In 2010, the Energy Department estimated the Chinese government had provided its domestic solar manufacturing companies with more than $30 billion in subsidies as part of a centrally-planned effort to seize control of what Chinese officials believe will be one of the leading energy industries of the 21st century. Though U.S. government-funded laboratories have developed most of the technologies that go into the production of solar panels, a dozen domestic manufacturers spun off from those efforts have laid off workers, gone bankrupt or closed plants in the past two years.

The most notable example was Solyndra, which Republicans accused of receiving favorable treatment from the Obama administration with a $500 million loan guarantee. Industry observers say the company failed because commercialization of its innovative technology depended on relatively high prices for solar cells.

Shah said his installer and consumer coalition, which claims 100,000 domestic workers, would like to see a thriving domestic manufacturing sector as the solar industry continues to grow. “Manufacturing matters,” he said. “But we have to win not because we’re becoming a protectionist nation but because we’re more innovative and because we have an industrial policy.

“Look at Germany,” he continued. “They can compete in manufacturing because they train workers; they make sure their latest technologies are brought from the laboratory to the market . . . and because they have a vibrant supply chain. That doesn’t exist in the U.S.”

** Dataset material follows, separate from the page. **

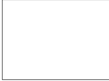
傳統媒材繪圖作品
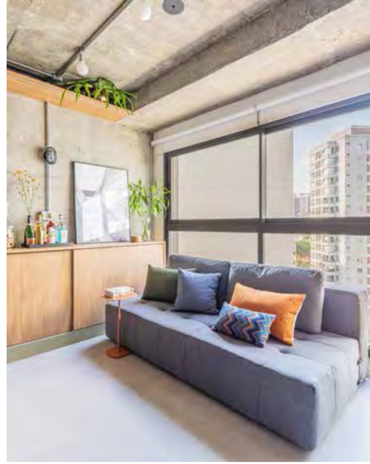
No canto da sala, o sofá cinza e a proximidade com o cantinho do bar

As paletas de cores suaves e terrosas são frequentemente adotadas como mais um componente essencial para esse propósito. Tonalidades como o nude, terracota e verde-oliva, são favoráveis ao mood intimista e podem ser mesclados com cores

But some manufacturing boosters aid the final verdict still isn't in on the trade case. The anti-dumping duties could wind up being significantly higher than the minor anti-subsidy tariffs imposed Tuesday. "At this point it is far from clear what the end result of this case willb e adn how it will impact manufacturers in the U.S. and China," said Melanie Hart, a China energy and climate policy analyst at the Center for American Progress, a left-of-center think tank with close ties to the Obama administration.